Gastrointestinal stromal tumors (GISTs) are the most common mesenchymal neoplasias of the gastrointestinal (GI) tract. Mesenchymal tumors of the GI tract represent 1% of the primary GI tumors, but most of the mesenchymal tumors fall into the GIST category. Approximately 70% of the tumors have their origin in the stomach, and 20% originate from the small intestine but can also occur in other parts of the gastrointestinal tract and are occasionally found in the omentum, mesentery, and peritoneum. GISTs have a wide clinical spectrum from benign incidentally found lesions to large tumors. Positron emission tomography (PET) using 18F-fluorodeoxyglucose (FDG) has been used successfully for staging and follow-up examinations in cancer patients. This tomography using FDG provides physiologic information that enables cancer to be diagnosed on the basis of altered tissue metabolism. FDG-PET is more accurate in staging and re-staging FDG-avid cancer than ceCT examinations. FDG-PET does not depict all GIST lesions compared to ceCT scans. However, there is a significant correlation between the FDG uptake and the mitotic index of the GIST cells.

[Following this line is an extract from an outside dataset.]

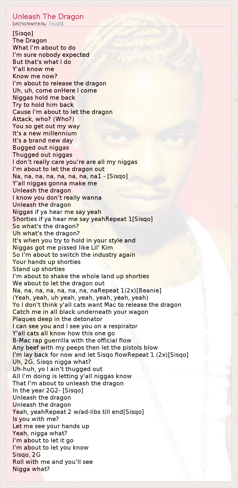 [Sisqo] The Dragon What I'm about to do I'm sure nobody expected But that's what I do Y'all know me Know me now? I'm about to release the dragon Uh, uh, come onHere I come Niggas hold me back Try to hold him back Cause I'm about to let the dragon Attack, who? (Who?) You so get out my way It's a new millennium It's a brand new day Bugged out niggas Thugged out niggas I don't really care you're are all my niggas I'm about to let the dragon out Na, na, na, na, na, na, na, na1 - [Sisqo] Y'all niggas gonna make me Unleash the dragon I know you don't really wanna Unleash the dragon Niggas if ya hear me say yeah Shorties if ya hear me say yeahRepeat 1[Sisqo] So what's the dragon? Uh what's the dragon? It's when you try to hold in your style and Niggas got me pissed like Lil' Kim So I'm about to switch the industry again Your hands up shorties Stand up shorties I'm about to shake the whole land up shorties We about to let the dragon out Na, na, na, na, na, na, na, naRepeat 1(2x)[Beanie] (Yeah, yeah, uh yeah, yeah, yeah, yeah, yeah) Yo I don't think y'all cats want Mac to release the dragon Catch me in all black underneath your wagon Plaques deep in the detonator I can see you and I see you on a respirator Y'all cats all know how this one go B-Mac rap guerrilla with the official flow Any beef with my peeps then let the pistols blow I'm lay back for now and let Sisqo flowRepeat 1 (2x)[Sisqo] Uh, 2G, Sisqo nigga what? Uh-huh, yo I ain't thugged out All I'm doing is letting y'all niggas know That I'm about to unleash the dragon In the year 2G2- [Sisqo] Unleash the dragon Unleash the dragon Yeah, yeahRepeat 2 w/ad-libs till end[Sisqo] Is you with me? Let me see your hands up Yeah, nigga what? I'm about to let it go I'm about to let you know Sisqo, 2G Roll with me and you'll see Nigga what?

Regarding the prognostic relevance of the mitotic index in GIST, FDG-PET can provide a significant impact on the further outcome of GIST patients. Morphological imaging with contrast-enhanced computed tomography (ceCT) is widely used to localize GIST as well as in determining the size and possibly revealing the presence of secondary localizations. Furthermore, ceCT is routinely used to monitor tumor response in patients with GIST.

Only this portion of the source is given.